Top of Extracted data

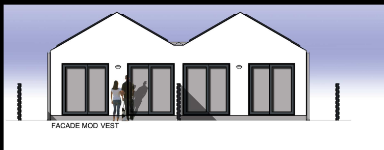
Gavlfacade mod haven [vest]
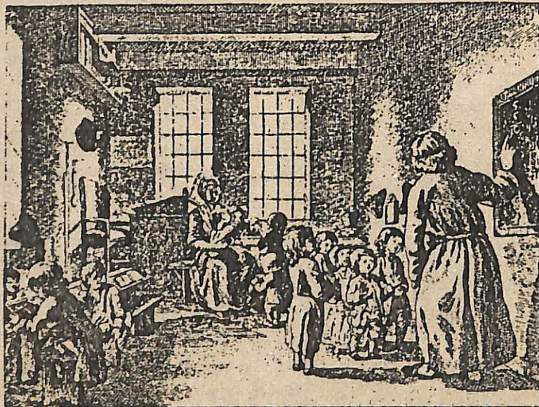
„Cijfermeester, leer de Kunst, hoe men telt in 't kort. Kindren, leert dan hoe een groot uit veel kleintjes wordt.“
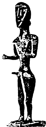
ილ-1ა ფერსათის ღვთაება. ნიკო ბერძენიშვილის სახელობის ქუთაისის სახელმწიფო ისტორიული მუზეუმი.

Bottom of Extracted data
Top of Extracted data

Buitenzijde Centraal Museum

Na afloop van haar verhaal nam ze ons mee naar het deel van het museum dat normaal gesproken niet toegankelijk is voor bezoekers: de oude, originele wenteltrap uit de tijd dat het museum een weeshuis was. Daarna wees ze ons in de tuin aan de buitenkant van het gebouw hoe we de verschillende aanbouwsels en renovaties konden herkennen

Bottom of Extracted data

**Exercise aim**
Pictures aside, print exactly the lines above starting with the one containing "Gavlfacade mod haven [vest]" and going on through the one containing "ილ-1ა ფერსათის ღვთაება.".

**Solution to this problem**
Gavlfacade mod haven [vest]
„Cijfermeester, leer de Kunst, hoe men telt in 't kort. Kindren, leert dan hoe een groot uit veel kleintjes wordt.“
ილ-1ა ფერსათის ღვთაება. ნიკო ბერძენიშვილის სახელობის ქუთაისის სახელმწიფო ისტორიული მუზეუმი.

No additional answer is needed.